### Work required
Reproduce, exactly and only, the lines of the data that follows from the one containing "2024 New Minimalist" down to the one containing "图为:与会领导为获得先进集体的单位和个人颁发奖", without pictures.

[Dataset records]
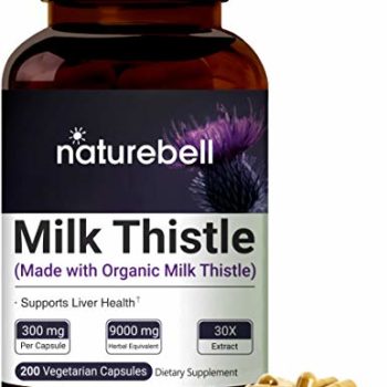 Milk Thistle Extract 30:1, Made with Organic Milk Thistle Powder and Artichoke Extract, 9000mg Herbal Equivalent, 200 Capsules, Active Natural Silymarin for Liver Health, Non-GMO and Made in USA
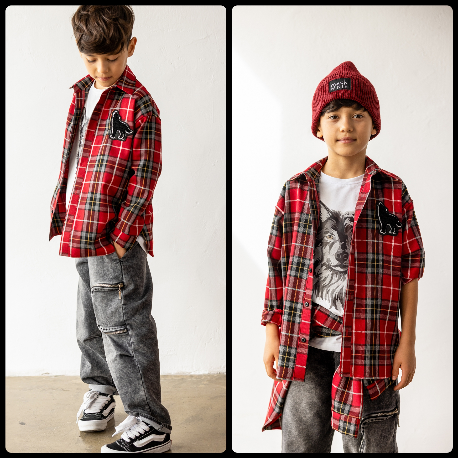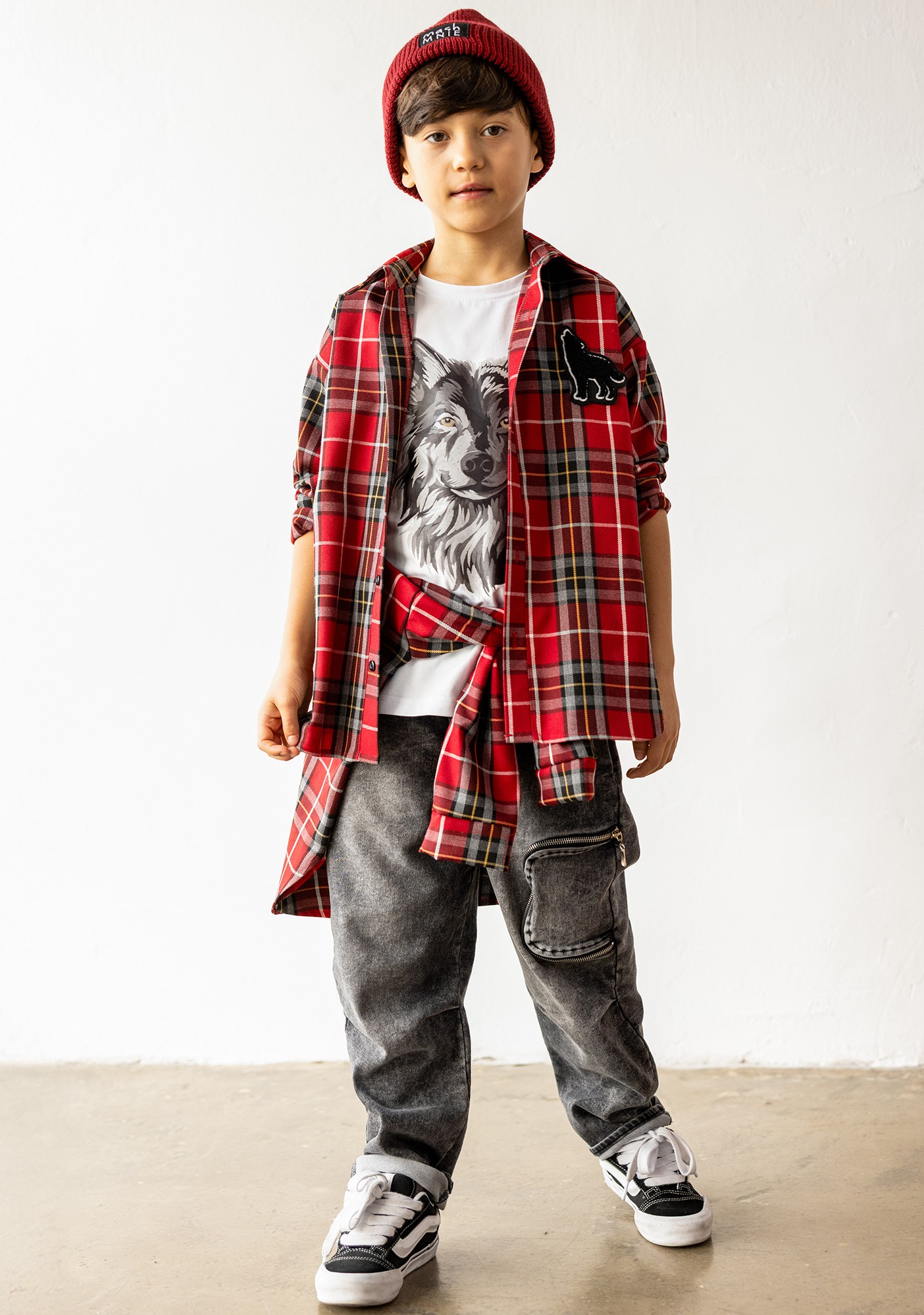 Koszula flanelowa w kratę czerwona z naszywką MashMnie "With Wolves" Drop 3 to absolutny must-have tej kolekcji – klasyczna krata w intensywnej czerwieni z czarnym, białym i beżem robi młodzieżowy luz z charakterem, haftowana naszywka wilka na piersi nawiązuje do symboliki całej linii, a miękka flanela daje ciepło i komfort przez cały dzień. Luźny krój pozwala nosić ją na wiele sposobów: rozpiętą jako warstwę na białą koszulkę z grafiką wilka (jak na zdjęciu), zapiętą solo, przewiązaną w pasie. To element limitowanej kolekcji "With Wolves" Drop 3, który łączy klasykę flanelowej koszuli z młodzieżową świeżością.
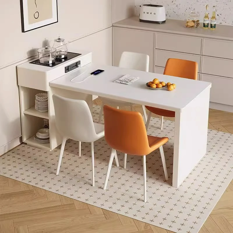 2024 New Minimalist Expandable Dining Table with Rotating Induction Cooker - Space-Saving Foldable Table for Small Homes
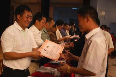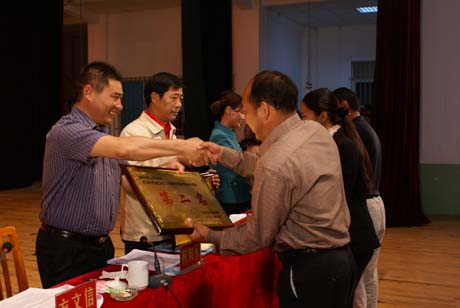 图为:与会领导为获得先进集体的单位和个人颁发奖
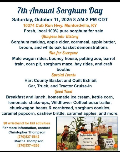 The 7th annual Sorghum Day will be held on Saturday, October 11 from 8AM to 2PM at 10374 Cub Run Highway in Munfordville. Activities include sorghum making, apple cider, cornmeal, apple butter, broom and white oak basket demonstrations. Also mule wagon rides, bouncy house, petting zoo, barrel train, corn pit, sorghum maze, hay rides and craft booths and much more.

### Answer box
 2024 New Minimalist Expandable Dining Table with Rotating Induction Cooker - Space-Saving Foldable Table for Small Homes
 图为:与会领导为获得先进集体的单位和个人颁发奖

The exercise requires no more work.